_What is being asked_
Among the lines below, keep only those from the one containing "Eine Ecke im" through the one containing "아고다 캐쉬백은 체크아웃하고 2개월 후부터 신청해서", and reproduce them exactly.

[Opening Data extract section]

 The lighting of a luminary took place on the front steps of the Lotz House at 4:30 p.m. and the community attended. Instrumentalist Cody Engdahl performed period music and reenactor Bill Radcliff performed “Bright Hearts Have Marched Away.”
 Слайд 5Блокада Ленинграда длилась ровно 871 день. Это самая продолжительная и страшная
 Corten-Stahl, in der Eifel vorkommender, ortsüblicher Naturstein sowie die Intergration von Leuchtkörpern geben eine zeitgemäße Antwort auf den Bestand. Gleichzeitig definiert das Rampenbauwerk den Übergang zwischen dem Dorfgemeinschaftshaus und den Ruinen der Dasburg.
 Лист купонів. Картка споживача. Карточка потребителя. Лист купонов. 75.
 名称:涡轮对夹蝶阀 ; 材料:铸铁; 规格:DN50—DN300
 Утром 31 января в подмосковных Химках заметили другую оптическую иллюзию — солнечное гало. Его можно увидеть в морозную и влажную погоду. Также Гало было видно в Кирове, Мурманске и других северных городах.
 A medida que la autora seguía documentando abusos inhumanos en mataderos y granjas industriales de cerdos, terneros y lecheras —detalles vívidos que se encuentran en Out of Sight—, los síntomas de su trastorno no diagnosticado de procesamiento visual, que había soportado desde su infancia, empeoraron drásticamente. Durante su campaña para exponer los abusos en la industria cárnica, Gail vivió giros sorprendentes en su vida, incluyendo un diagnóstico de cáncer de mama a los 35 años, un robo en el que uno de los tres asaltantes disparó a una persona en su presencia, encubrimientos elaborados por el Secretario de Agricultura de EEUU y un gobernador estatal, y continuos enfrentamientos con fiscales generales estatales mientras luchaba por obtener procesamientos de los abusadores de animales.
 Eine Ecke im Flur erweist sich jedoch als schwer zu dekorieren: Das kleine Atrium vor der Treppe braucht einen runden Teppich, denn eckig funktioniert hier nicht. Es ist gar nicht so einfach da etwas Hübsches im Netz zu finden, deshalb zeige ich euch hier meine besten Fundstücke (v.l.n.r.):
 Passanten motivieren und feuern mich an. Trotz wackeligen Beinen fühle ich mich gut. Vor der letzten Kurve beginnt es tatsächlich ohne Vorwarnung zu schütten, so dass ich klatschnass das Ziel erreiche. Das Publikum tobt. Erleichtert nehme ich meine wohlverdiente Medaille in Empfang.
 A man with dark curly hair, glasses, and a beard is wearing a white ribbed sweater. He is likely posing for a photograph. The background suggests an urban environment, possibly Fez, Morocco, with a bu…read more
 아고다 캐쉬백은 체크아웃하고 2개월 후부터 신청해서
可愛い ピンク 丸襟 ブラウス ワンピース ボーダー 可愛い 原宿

[Closing Data extract section]

_Written solution_
 Eine Ecke im Flur erweist sich jedoch als schwer zu dekorieren: Das kleine Atrium vor der Treppe braucht einen runden Teppich, denn eckig funktioniert hier nicht. Es ist gar nicht so einfach da etwas Hübsches im Netz zu finden, deshalb zeige ich euch hier meine besten Fundstücke (v.l.n.r.):
 Passanten motivieren und feuern mich an. Trotz wackeligen Beinen fühle ich mich gut. Vor der letzten Kurve beginnt es tatsächlich ohne Vorwarnung zu schütten, so dass ich klatschnass das Ziel erreiche. Das Publikum tobt. Erleichtert nehme ich meine wohlverdiente Medaille in Empfang.
 A man with dark curly hair, glasses, and a beard is wearing a white ribbed sweater. He is likely posing for a photograph. The background suggests an urban environment, possibly Fez, Morocco, with a bu…read more
 아고다 캐쉬백은 체크아웃하고 2개월 후부터 신청해서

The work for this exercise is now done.